The Trouble With The Truth: Review

The Trouble With The Truth (2011)

Director/ Writer: Jim Hemphill

Executive Producers: James W. Hemphill, Nancy Yudchitz

Producers: Daniel Farrands, Thommy Hutson

Cast: Lea Thompson, John Shea, Danielle Harris, Keri Lynn Pratt

♦ ♦ ♦ ♦ out of 5


While attending the 2012 Sedona International Film Festival it was impossible to ignore the definite buzz in the air about Writer/ Director Jim Hemphill’s new film The Trouble with the Truth, which proved to be a bonafide crowd pleaser with this year’s festival attendees.

The film centers on divorced couple Robert (John Shea) and Emily (Lea Thompson), initially brought together to discuss their daughter’s impending nuptials. Throughout the course of one evening, (which includes dinner, desert and more than a few drinks), the former couple playfully revisit their differing ideas regarding love and career which, of course, eventually drives the conversation to the inevitable excavation of their failed marriage.
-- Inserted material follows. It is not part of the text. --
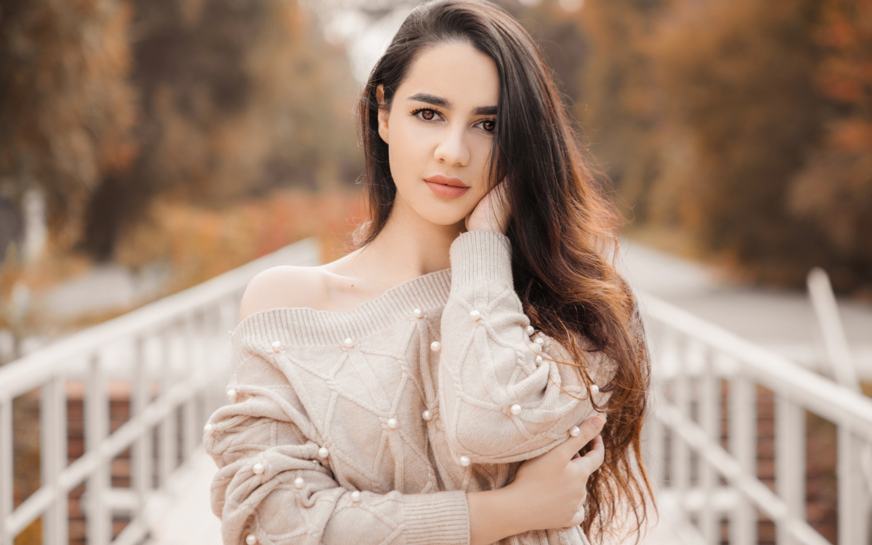 Description: A woman with long hair posing for a picture on a bridge with her hands on her face and her hand on her cheek.

By evening’s end their impromptu reunion will lead to a few surprises, a few confessions and, yes, even a few tears.

Given the film is basically a continuing conversation, with limited locations and lots of over the shoulder shots, obvious comparisons have been made to that other flick involving a dining duo, My Dinner with Andre, but where that classic film deals in matters mostly cerebral, Hemphill’s sharp and funny screenplay is all heart and, as a result, is a much warmer, intimate and personal film. If …Andre is a “thinking” person’s movie, The Trouble with the Truth is for the “feeling”, and proves to be an honest and thought provoking debate between the heart and the head.

When you’ve got a film that involves a lot more talk than action, casting is a make or break proposition, first and foremost, we need to like them, which I am happy to report we do, quite a bit.

We grow to like Robert quickly, due in large part to John Shea’s handling of Hemphill’s often blunt and hilarious dialog, the actor’s years of experience on film, and more specifically the stage, serves him and the film quite well.

Lea Thompson as Emily, however, is the real surprise. The actresses’ instant like-ability has been the cornerstone of her long and successful career for the last two decades, where the adjectives “cute” and “suburban” have been exhausted by writers with little imagination, but this time around Thompson is given an opportunity to play a modern woman who is perhaps a little deeper, a little more cultured and a lot more eloquent than we’ve seen from her previous roles and the result is nothing short of a revelation. Her performance is both funny and heartbreaking, often simultaneously, and stays with you long after the credits have rolled. 

The many talents of relative newcomer Jim Hemphill are on full display with his brilliant, quotable dialog and thoughtful instincts as a director. The premiss alone, in lesser hands, might have easily degenerated into bad drama and worn out cliche’s, but the Director/ Writer deftly avoids the obvious traps at all costs and delivers a smart, funny and engaging film. Hemphill is definitely one to keep an eye!

Though it is still quite early, The Trouble with the Truth is, by far and away, the best indie I’ve seen this year. I can only hope a distribution deal is coming soon so that you all will have the opportunity to enjoy this one for yourselves.